Microservices as a proper design choice
The most fundamental design decision was to follow the principles of a microservice architecture. By doing so, we can consider each component of the ML life cycle as an independently deployable service where each service solves an isolated problem. Martin Fowler describes the characteristics of a microservice in his post “Microservices“ which prove to be suitable for designing an ML application. The first key characteristic is the “Componentization via Services“. This allows that changes in one component do not require changes in the whole application and therefore, reiterations, adjustments, or continued development can be carried out and redeployed quickly.
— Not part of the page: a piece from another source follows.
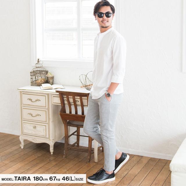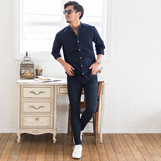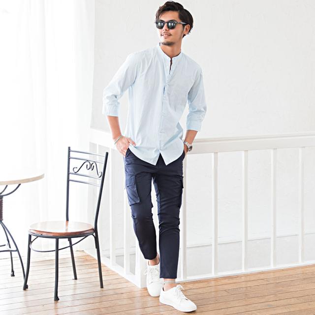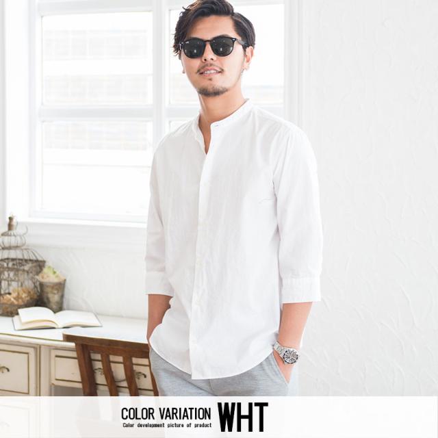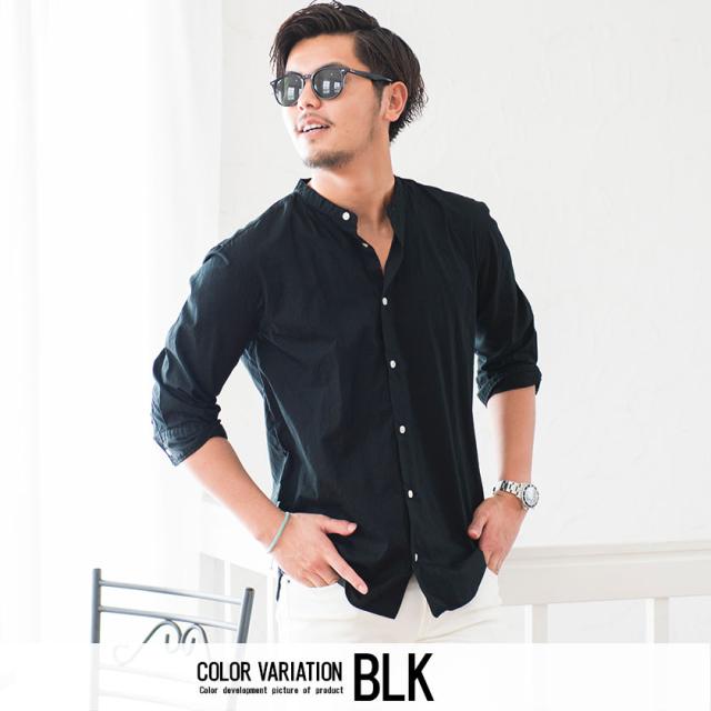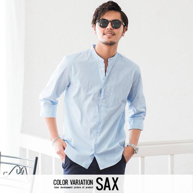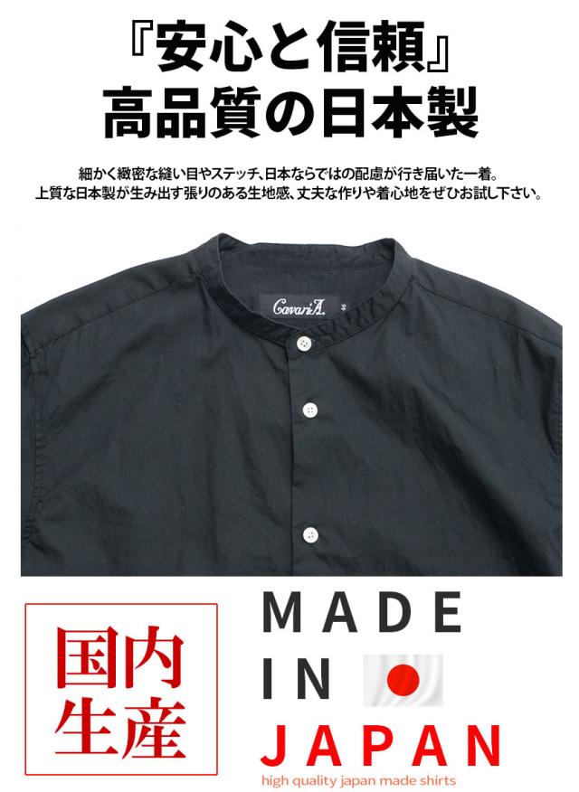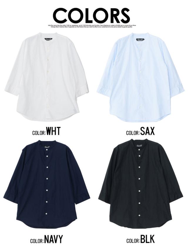 シャツ メンズ 7分袖 CavariA キャバリア 日本製バンドカラー7分袖シャツ 即日発送 トップス インナー バンドカラーシャツ 無地 国産 コットン ホワイト サックス ネイビー ブラック 白 黒 M L XL BITTER系 ビター系 春 夏 [CAGS20-07]

Secondly, we consider the characteristic of “Smart endpoints and dumb pipes“ as crucial. This means that each service has its own domain logic and only receives requests and produces responses via lightweight messaging. Another interesting characteristic of a microservice architecture is summarized by Martin Fowler with “Products not Projects“. The idea behind this is that the development team takes full responsibility for the application in production. Following the argument of Martin Fowler this might be theoretically possible with a monolithic application, yet having fine granular microservices simplifies taking ownership. This is also well-aligned with the principle of organizing applications around business capabilities. The last aspect is very important to consider once we try to solve MLOps problems not only for one project but for multiple projects. To scale the applicability, different teams should build domain-agnostic solutions that can be put together in one platform. Introducing platform thinking to MLOps increases productivity and speed w.r.t. bringing ML models to production.
To implement the ML life cycle in the style of a microservice architecture, we build upon the following tech stack which serves as a foundation:

For data storage and compute resources we use the Google Cloud Storage and Google Kubernetes Engine (GKE). With Kubernetes we can conveniently implement the idea of the microservice architecture. The components are defined as containerized applications that are orchestrated via Kubernetes. The full ML application lives within the Kubernetes Cluster while, again, the respective components are deployed separately. By doing so, we can flexibly scale and schedule the respective components and thereby better respond to the respective requirements. The communication between components within the Cluster is ensured via exposed Services while UIs are exposed to the outside world via Ingresses. To manage the Kubernetes application we use Helm and to provide the infrastructure we use terraform. We use Gitlab for metadata and code versioning as well as Gitlab CI for continuous integration and deployment (CI/CD).
Once this framework is set up, we can continue with building the ML-specific components as independent microservices. For data and model versioning we rely on DVC and MLflow, respectively. MLflow is not only used for experiment tracking but also for serving the trained models. For automated model training, we leveraged H2O and for automated feature engineering, we use tsfresh (only suitable for time series data). Beyond that, we customize our own monitoring tool by building upon the framework provided by evidently AI. To store and persist the predictions and the features during deployment, we use InfluxDB, and to visualize the results, we use Grafana for Dashboarding. For lightweight messaging between the microservices we either leverage built-in APIs, APIs, or Apache Kafka.